There is a danger of a selective and arbitrary application of the contempt law in the sense that some judges may ignore an attempt to scandalise the court while others may not. The discretion is inherent and must be exercised judiciously by all judges and in a restrained manner, assuming for the purposes of this question that the law of criminal contempt continues to remain on the statute books.

Some clauses in Section 13 of the Contempt of Courts Act allow truth as a defence if it was in public interest and bona fide. Do you think courts give enough opportunity to those charged with contempt to establish the veracity or truthfulness of the act? And, in this particular case involving Prashant Bhushan, was adequate opportunity given to him?
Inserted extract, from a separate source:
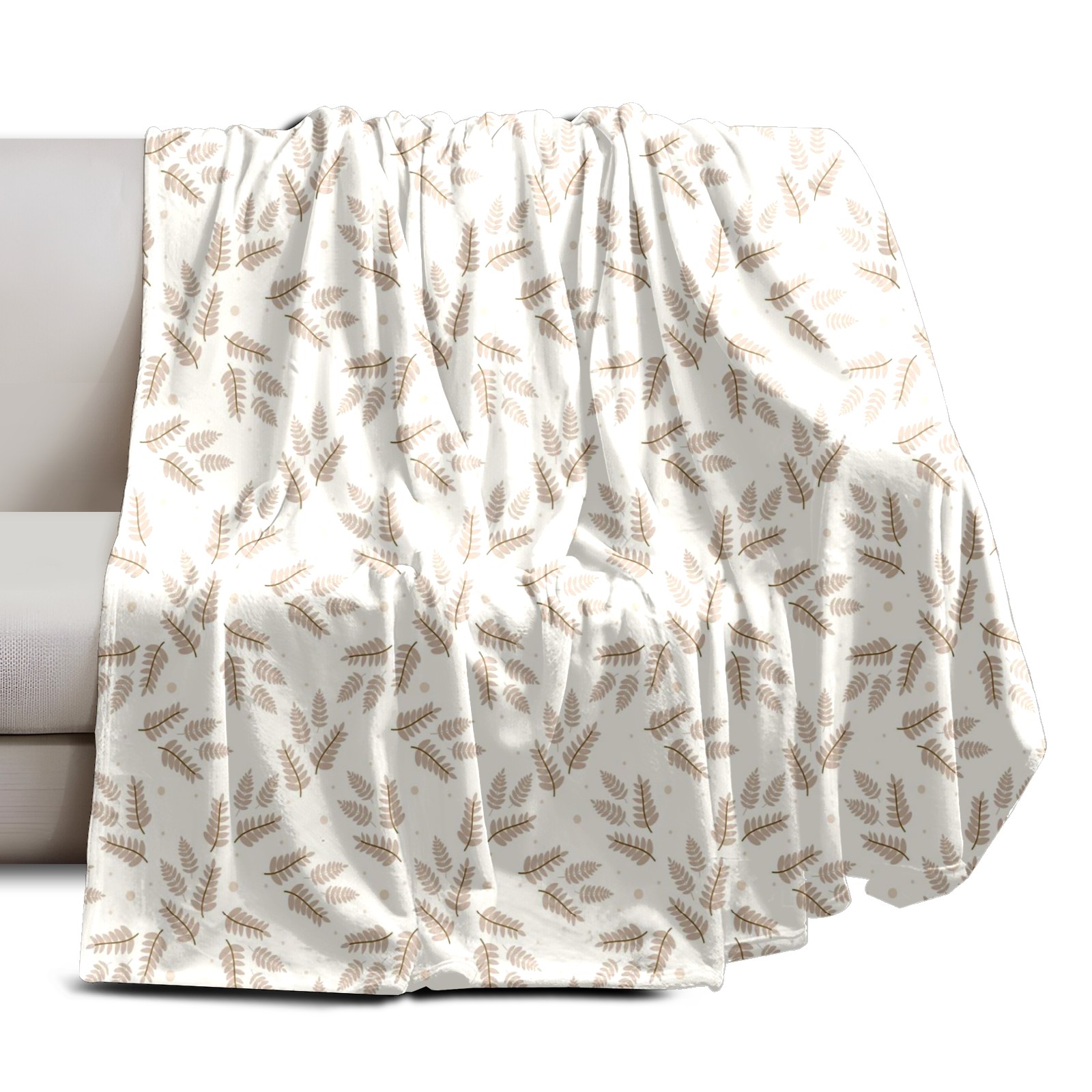Премиальная фланелевая одеяло Beige Leaves

My experience is that the courts do give enough opportunity to those charged with contempt of court to establish the veracity or truthfulness of the allegation. I have had occasion in the Supreme Court to deal with what appeared to be prima facie contempt of court but after hearing the alleged contemnor, we realised that there was some bona fide misunderstanding and the benefit of doubt was given to the alleged contemnor and the proceedings dropped. So, really it depends upon each case and each act complained of and no universal rule can be applied.

In the case of Prashant Bhushan, we need to first see whether any contempt was committed by him and then go into the veracity or truthfulness of the allegations. In my view he had only expressed his opinion and therefore there is no contempt committed by him. One may or may not agree with his opinion but surely he has a right to express that opinion.

Can two tweets of Prashant Bhushan shake the foundations of law and bring the administration of justice to disrepute? What is it exactly that brings the administration of justice into disrepute? Isn't freedom of speech and expression an integral component of the processes involving the administration of justice?

I don’t think the two tweets under consideration have brought the administration of justice into disrepute. It is difficult to accept that tweets can have such a massive impact as to shake the foundations of our justice delivery system. Our justice delivery system is set on firmer ground.